As I understand it (just first following up on my original question about whether one can use a decision analysis for a prognostic rather than diagnostic risk model), the way they use decision curve analysis here makes sense, since the derivation cohort consisted only of statin-naive patients. Essentially, in the original decision curve analysis paper, they were considering whether to treat based on the presence of some disease, with a model for the probability of this presence. This is diagnosis rather than prognosis. However, if one is prognosticating only within untreated patients, then a decision-curve analysis equally applies, I think - if a patient has a high risk of future disease, they might like to start treatment.

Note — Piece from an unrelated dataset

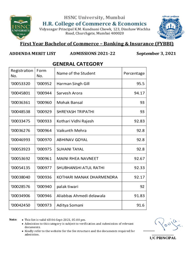Road, Churchgate, Mumbai 400020First Year Bachelor of Commerce Banking & Insurance

If however in the cohort used to derive such a prognostic model the patients were started on a statin later, this could complicate things, I think. In the decision curve analysis paper, this risk is independent of treatment effect (it can depend on one fixed treatment, as mentioned above, but it does not necessarily incorporate treatment effect). However, if one has patients in the cohort who are later starting treatment, then this risk will depend on that.
Either way, I think that we want good calibration in the end, and then the risk estimate can be used to make a decision. In the expected reward framework we have
E_{\pi} (R|S=s)= \int_{s'} \sum_a R(s,a,s') p(s'|a,s) \pi(a|s) ds'
where R is reward, S baseline covariates, A treatment, and S' final outcome. I wrote a short tutorial on this here.

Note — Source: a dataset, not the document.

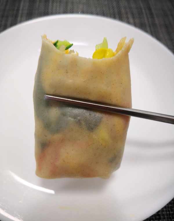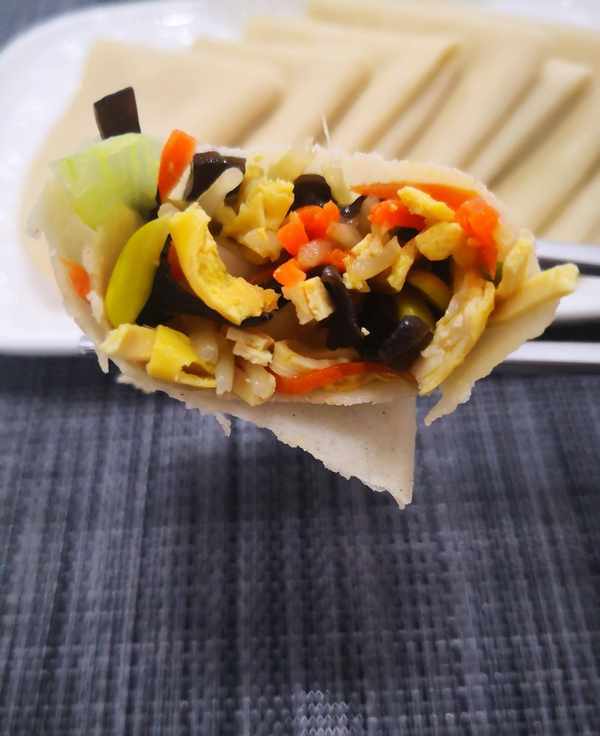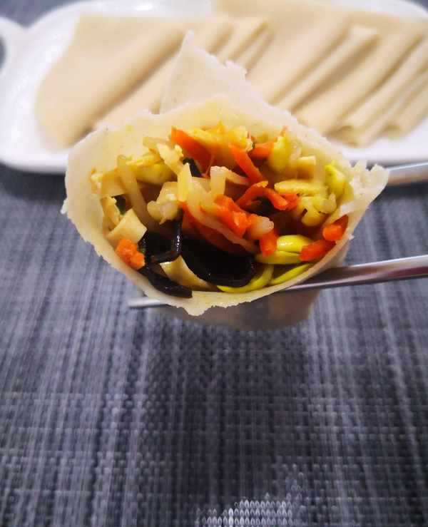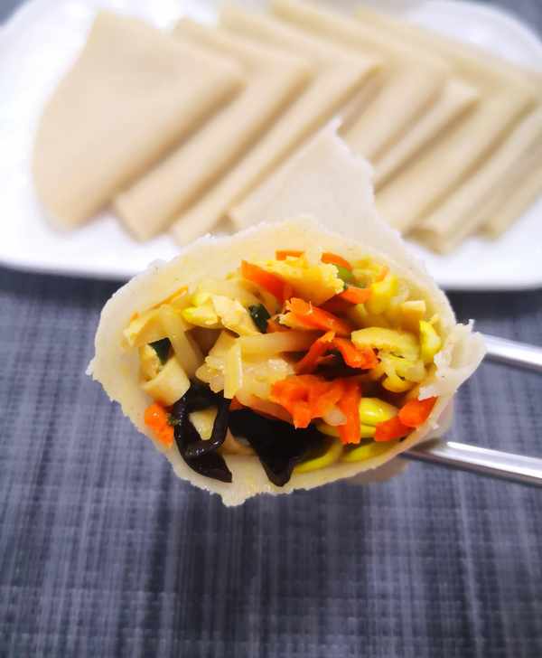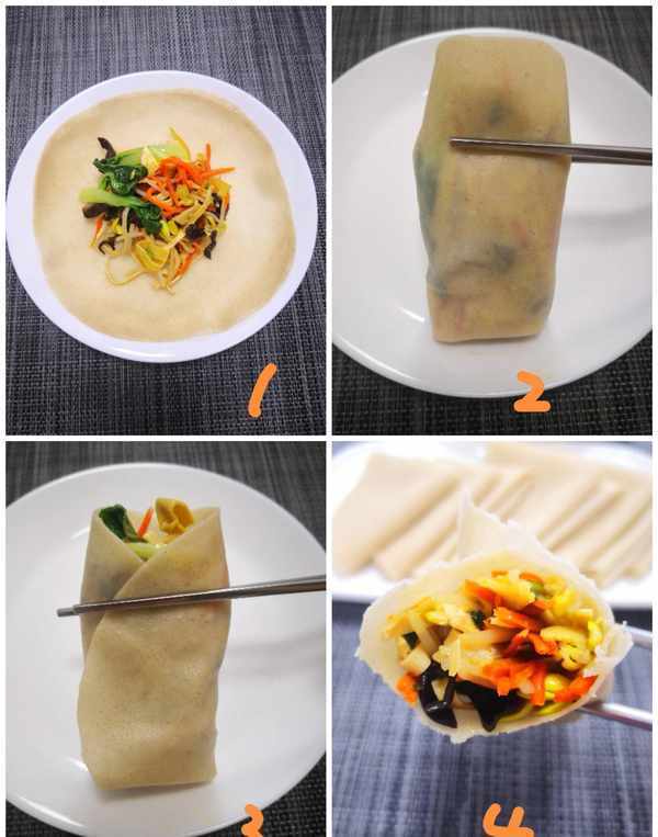 1~4.铺上一张薄饼,加上蔬菜,卷起来即可。

Note the term p(s'|a,s). This can be estimated with a risk model, and calibration helps us assess whether our estimator p_n(s'|a,s) does a good job of estimating p(s'|a,s). Hence, if the model is well calibrated, it will do its job in downstream decisions.
However, either way, note that p(s'|a,s) in expected utility is taking into account the treatment A. Generally p(s'|a,s) would be estimated with a trial. It is actually the basis of the treatment effect, which is a function of both p(s'|1,s) and p(s'|0,s).
In a sense, the authors in the study linked above are developing a model to estimate p(s'|0,s), and therefore their model does depend on treatment. Overall, however, there will still be uncertainty though with respect to p(s'|1,s), which will impact the decision. Imagine an extreme example in which the drug really doesn’t work at all, which will be reflected by p(s'|1,s). Then an evaluation of a decision should depend on p(s'|1,s) or some contrast between p(s'|1,s) and p(s'|0,s).